The response profiles have superadditive, additive, and subadditive phases: Even for cross-sensory stimuli whose unisensory components are strong enough to elicit only an additive enhancement of the cumulated response, the response is superadditive over parts of the time course.

The temporal time course of neural integration in the SC reveals considerable non-linearity: early on, neurons seem to be super-additive before later settling into an additive or sub-additive mode of computation.

The leaky-integrate-and-fire model due to Rowland and Stein models a single multisensory SC neuron receiving input from a number of sensory, cortical, and sub-cortical sources.

Each of the sources is modeled as a single input to the SC neuron.

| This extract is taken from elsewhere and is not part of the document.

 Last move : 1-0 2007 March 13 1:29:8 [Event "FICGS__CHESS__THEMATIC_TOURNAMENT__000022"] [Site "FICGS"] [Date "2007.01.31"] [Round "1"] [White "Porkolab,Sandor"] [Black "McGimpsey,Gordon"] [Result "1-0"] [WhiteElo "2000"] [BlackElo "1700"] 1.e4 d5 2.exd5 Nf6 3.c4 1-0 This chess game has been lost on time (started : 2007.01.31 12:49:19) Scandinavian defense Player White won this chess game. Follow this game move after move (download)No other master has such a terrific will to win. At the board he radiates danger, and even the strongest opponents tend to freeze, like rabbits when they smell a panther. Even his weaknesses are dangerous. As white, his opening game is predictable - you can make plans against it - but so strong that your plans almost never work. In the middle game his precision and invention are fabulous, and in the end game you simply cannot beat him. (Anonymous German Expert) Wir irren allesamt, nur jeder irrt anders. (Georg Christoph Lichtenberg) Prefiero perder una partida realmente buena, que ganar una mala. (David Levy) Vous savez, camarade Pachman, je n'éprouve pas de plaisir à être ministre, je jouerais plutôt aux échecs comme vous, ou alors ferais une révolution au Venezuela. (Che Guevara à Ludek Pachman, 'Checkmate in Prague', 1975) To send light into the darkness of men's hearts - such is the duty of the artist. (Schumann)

Local inhibitory interaction between neurons in multi-sensory trials is modeled by a single time-variant subtractive term which sets in shortly after the actual sensory input, thus not influencing the first phase of the response after stimulus onset.

Rowland and Stein focus on the temporal dynamics of multisensory integration.

Rowland and Stein's goal is only to generate neural responses like those observed in real SC neurons with realistic biological constraints. The model does not give any explanation of neural responses on the functional level.

The network characteristics of the SC are modeled only very roughly by Rowland and Stein's model.

The model due to Rowland and Stein manages to reproduce the nonlinear time course of neural responses to, and enhancement in magnitude and inverse effectiveness in multisensory integration in the SC.

Since the model does not include spatial properties, it does not reproduce the spatial principle (ie. no depression).